Este es el estamento final de la trilogía Maze Runner. Las primeras dos entregas fueron en 2014 y 2015; la demora en la finalización y el estreno de la película de cierre se debió a que el actor protagónico, Dylan O’Brien, se lastimó gravemente en las filmaciones y debieron interrumpirlas por más de un año, hasta que se recuperara. La trilogía integra una moda de películas distópicas con personajes adolescentes/juveniles que están destinadas a ese mismo público, y que también comprende a otras, como City of Bones (Ciudad de hueso, 2013), The Giver (El dador de recuerdos, 2014) y Divergente (2014, con continuaciones en 2015 y 2016). Todas ellas vinieron con el rastro del éxito espectacular de Los juegos del hambre (2012, con continuaciones en 2013, 2014 y 2015). Si bien ninguna se acercó a la taquilla de esta última serie, quizá Maze Runner la supere en interés y en el brillo de la realización.

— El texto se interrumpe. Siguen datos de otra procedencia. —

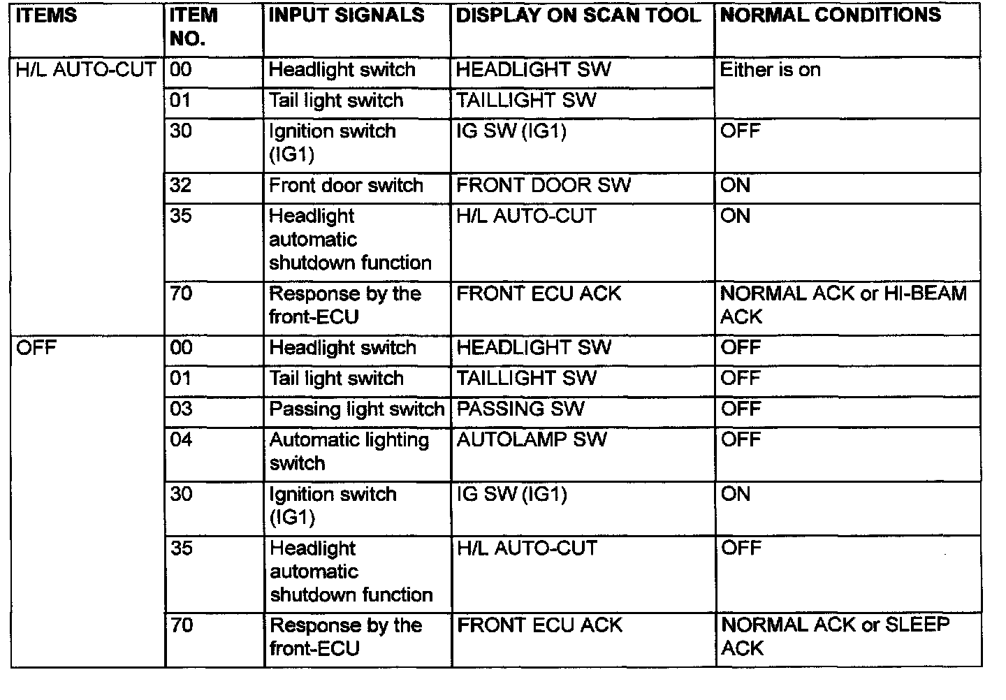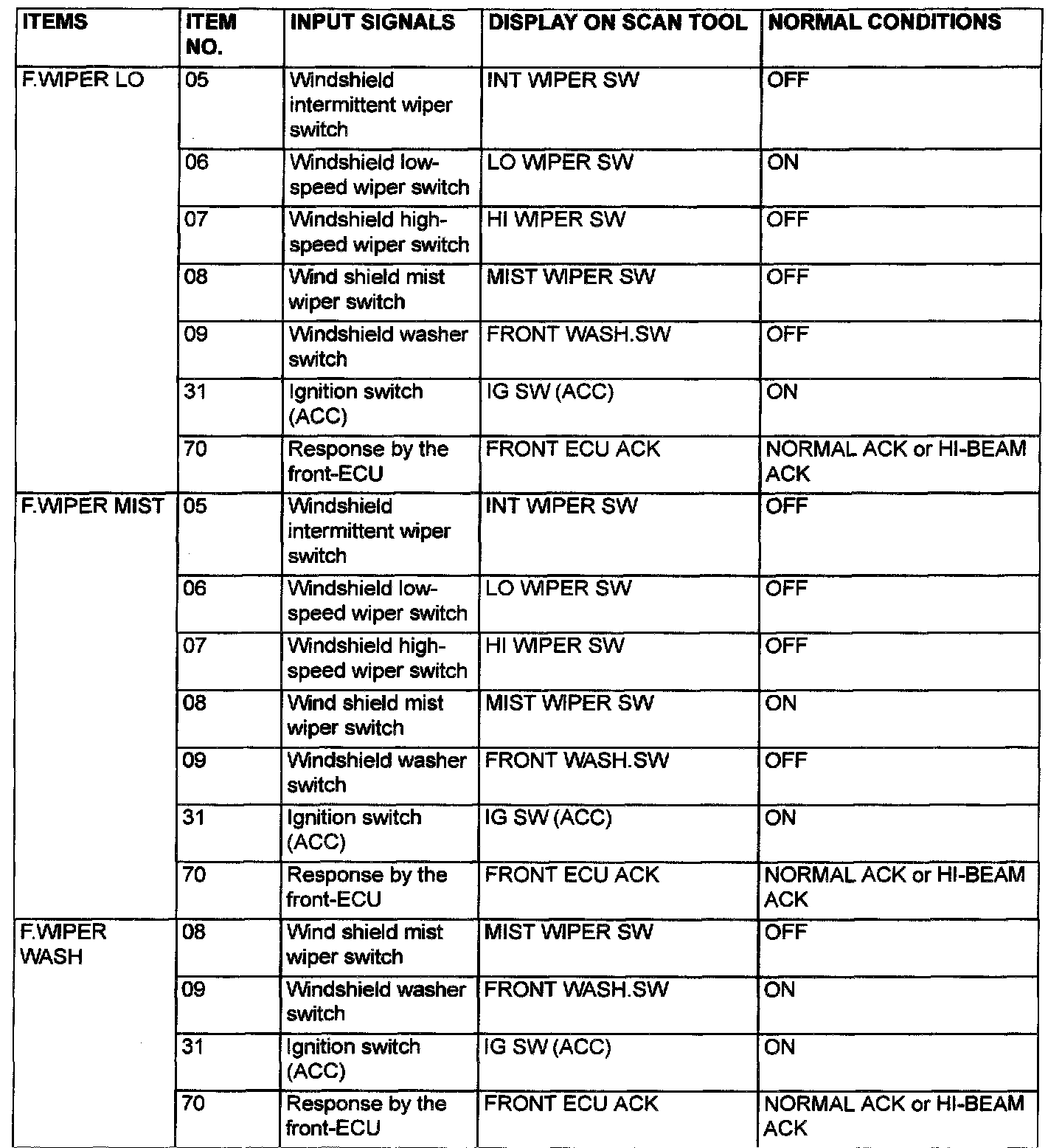 2. The following input signals can be checked by using the scan tool and the SWS monitor kit.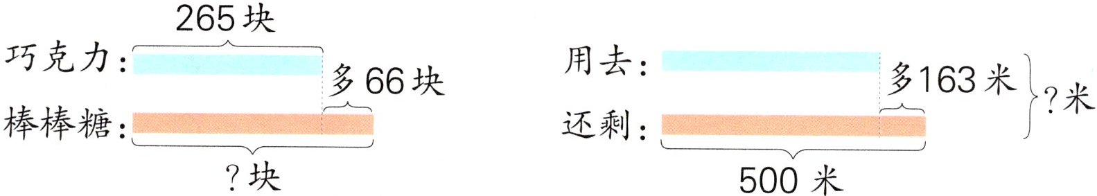 左图:$265 + 66 = 331$(块)\n右图:$500 - 163 + 500 = 837$(米)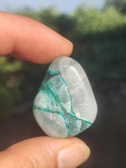 Ein traumhafter - Quantum Quattro - Edelstein in AAA Qualität *Unikat* -Herkunft: Peru -Quantum Quattro: Chrysocoll Shattuckit Quarz Azurit -Du erhältst den abgebildeten Stein - wir bieten diese Quantum Quattro...

Maze Runner partía de una situación original e interesante: un grupo de adolescentes (autodenominados gladers) aparece en un lugar al que no saben cómo llegaron, ya que todos perdieron la memoria. Ese espacio era una enorme plaza amurallada: de vez en cuando los muros se abrían y entraban criaturas extrañas y peligrosas, otras veces eran ellos quienes se atrevían a ingresar por esas entradas, nada más que para encontrarse con laberintos llenos de amenazas, de las que tenían que escapar para no ser aniquilados. Al igual que en Los juegos del hambre, no se encontró la manera de desarrollar esa premisa sin que se volviera repetitiva, y las continuaciones tienen muy poco que ver con la buena idea que les dio origen: son esencialmente historias de jóvenes rebeldes que combaten poderosísimas instituciones malvadas, en un contexto fantasioso. Aquí todos los gladers recuperaron sus memorias y ya no figura la plaza, salvo por una escena muy breve en la que Minho tiene que correr por un laberinto para huir de un monstruo (de alguna manera había que justificar el título de la serie).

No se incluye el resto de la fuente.